What would your sleep schedule be like if the demands of life allowed you to sleep whenever you wanted as long as you wanted?
Does anyone else agonize over killing off a character, or it is just me?
I just got a new game for my 3DS, so I’ve been using it as a reward for writing. It’s so hard not to just curl up on the couch and play all day long. There’s a very good reason I have not reinstalled WoW for years. LOL
…and as much as I want to click that link and check out that game, I’m not gonna. 😛
Good luck with your goals!
Oh…no…there’s a reason I never installed WoW ever…at all! And Everquest/Evercrack. One look at those games and I knew my OCD would overload.
When I started facebook, I carefully limited my games there, knowing what OCD can do to me.
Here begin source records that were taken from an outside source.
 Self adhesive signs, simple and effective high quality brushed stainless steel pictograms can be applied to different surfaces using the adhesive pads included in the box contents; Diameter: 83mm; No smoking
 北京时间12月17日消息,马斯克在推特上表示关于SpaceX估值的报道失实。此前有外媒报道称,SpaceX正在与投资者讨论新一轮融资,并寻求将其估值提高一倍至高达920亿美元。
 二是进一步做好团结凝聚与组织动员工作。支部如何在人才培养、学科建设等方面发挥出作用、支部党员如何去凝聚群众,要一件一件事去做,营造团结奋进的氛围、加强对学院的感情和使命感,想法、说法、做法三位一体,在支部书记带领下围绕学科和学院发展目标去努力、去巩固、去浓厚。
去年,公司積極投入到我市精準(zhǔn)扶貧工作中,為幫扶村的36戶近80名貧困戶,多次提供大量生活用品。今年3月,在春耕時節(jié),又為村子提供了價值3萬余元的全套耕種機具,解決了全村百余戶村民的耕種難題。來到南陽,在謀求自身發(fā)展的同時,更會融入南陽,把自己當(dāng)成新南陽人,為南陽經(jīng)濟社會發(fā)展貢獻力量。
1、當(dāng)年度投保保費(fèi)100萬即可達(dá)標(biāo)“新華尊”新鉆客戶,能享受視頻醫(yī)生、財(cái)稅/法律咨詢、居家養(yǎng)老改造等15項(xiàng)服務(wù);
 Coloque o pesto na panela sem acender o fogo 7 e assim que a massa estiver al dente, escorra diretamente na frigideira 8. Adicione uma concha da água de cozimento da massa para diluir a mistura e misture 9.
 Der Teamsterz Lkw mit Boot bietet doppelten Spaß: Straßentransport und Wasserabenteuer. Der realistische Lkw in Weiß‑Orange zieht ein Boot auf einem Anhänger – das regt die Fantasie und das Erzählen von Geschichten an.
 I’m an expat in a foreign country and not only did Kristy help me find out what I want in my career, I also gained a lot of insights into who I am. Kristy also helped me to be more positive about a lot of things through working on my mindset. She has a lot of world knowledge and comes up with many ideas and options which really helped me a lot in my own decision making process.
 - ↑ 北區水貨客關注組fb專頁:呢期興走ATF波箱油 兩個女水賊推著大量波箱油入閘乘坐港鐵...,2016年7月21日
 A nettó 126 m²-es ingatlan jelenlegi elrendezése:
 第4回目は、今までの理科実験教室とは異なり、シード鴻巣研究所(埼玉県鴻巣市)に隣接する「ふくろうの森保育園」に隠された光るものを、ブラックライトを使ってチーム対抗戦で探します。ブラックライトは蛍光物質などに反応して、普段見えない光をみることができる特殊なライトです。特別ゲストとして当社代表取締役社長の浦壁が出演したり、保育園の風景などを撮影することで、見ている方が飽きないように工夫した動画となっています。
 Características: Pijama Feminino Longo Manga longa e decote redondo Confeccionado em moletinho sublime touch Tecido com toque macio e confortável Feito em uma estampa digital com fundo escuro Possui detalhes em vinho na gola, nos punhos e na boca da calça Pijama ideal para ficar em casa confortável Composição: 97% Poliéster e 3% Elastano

That’s been fine…but finding an old game I used to love is killing me!
me? def. a night owl – from childhood, I come awake after 10pm – left to my own devices would go to bed early hours of morning – 1, 2, 3 say then sleep till mid-day – never has been possible when being employed!! and even now in retirement it hasn’t, as I have to be up by 8-9 at latest as I’m a carer 😦 ah well I mostly manage to get to bed by 1am – go any earlier I cannot get to sleep.
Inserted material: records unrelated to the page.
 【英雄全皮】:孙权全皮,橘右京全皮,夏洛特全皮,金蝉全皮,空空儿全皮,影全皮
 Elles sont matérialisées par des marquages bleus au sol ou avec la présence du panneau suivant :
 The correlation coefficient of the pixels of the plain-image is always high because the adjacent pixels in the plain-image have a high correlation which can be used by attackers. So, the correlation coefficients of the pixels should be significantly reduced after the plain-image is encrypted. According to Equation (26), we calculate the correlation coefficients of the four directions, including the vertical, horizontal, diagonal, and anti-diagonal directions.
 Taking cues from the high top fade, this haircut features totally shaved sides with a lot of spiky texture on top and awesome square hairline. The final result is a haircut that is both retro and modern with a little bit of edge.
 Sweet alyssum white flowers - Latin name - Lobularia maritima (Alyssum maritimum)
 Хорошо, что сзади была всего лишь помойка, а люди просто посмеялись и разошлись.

It must be hard to kill a character – I have only managed it in short story writing – well I have managed minor characters, the ones I really like will have to live forever:)
I think it might be easier, like you say, to do it in a short story. In a novel, when we’ve fallen in love with them, I hate to do it.
George Martin, I am not.
I feel the same way. I’m about 75 percent of the way through a story ATM and I’m stuck. I know how it’s going to end. I know the climax of the story, I’m just not sure about the next few steps, and it’s driving me crazy. At least now I know I’m not alone.
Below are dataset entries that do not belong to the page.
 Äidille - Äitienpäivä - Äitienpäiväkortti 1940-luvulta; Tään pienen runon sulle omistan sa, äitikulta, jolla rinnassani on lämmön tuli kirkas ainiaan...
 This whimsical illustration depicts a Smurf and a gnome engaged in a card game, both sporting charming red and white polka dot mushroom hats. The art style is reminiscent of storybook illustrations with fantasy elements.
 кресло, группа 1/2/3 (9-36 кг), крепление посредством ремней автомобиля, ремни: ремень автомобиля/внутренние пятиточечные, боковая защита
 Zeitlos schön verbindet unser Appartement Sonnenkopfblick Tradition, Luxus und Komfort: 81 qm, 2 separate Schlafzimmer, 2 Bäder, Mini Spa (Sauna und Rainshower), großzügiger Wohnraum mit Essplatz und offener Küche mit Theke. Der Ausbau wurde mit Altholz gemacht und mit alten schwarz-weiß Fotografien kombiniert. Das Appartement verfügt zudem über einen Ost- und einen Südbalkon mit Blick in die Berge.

If I knew that a character was going to die early on in the process of writing a story, I would probably be okay, but if I realized all of a sudden that a beloved character had to die, that would be really hard. I remember one time when I first started writing, I ended up killing off a character, and I burst into tears. That was hard.
I wish I could rise at the crack of dawn and be a fully functioning person. The idea of writing by dawn’s early light sounds wonderful, but I’m just not wired that way. I am a night owl through and through!
Have a great week, AmyBeth!
Maybe I’m meant to be an 18th century debutante, who goes to bed at 4AM and sleeps into the afternoon…
I think we have something in common – Night’s are definitely when I come alive. My neighbors might actually think we’re vampires. it’s nice to see so many others cut from the same cloth. Too bad my j-o-b doesn’t operate to that kind of schedule.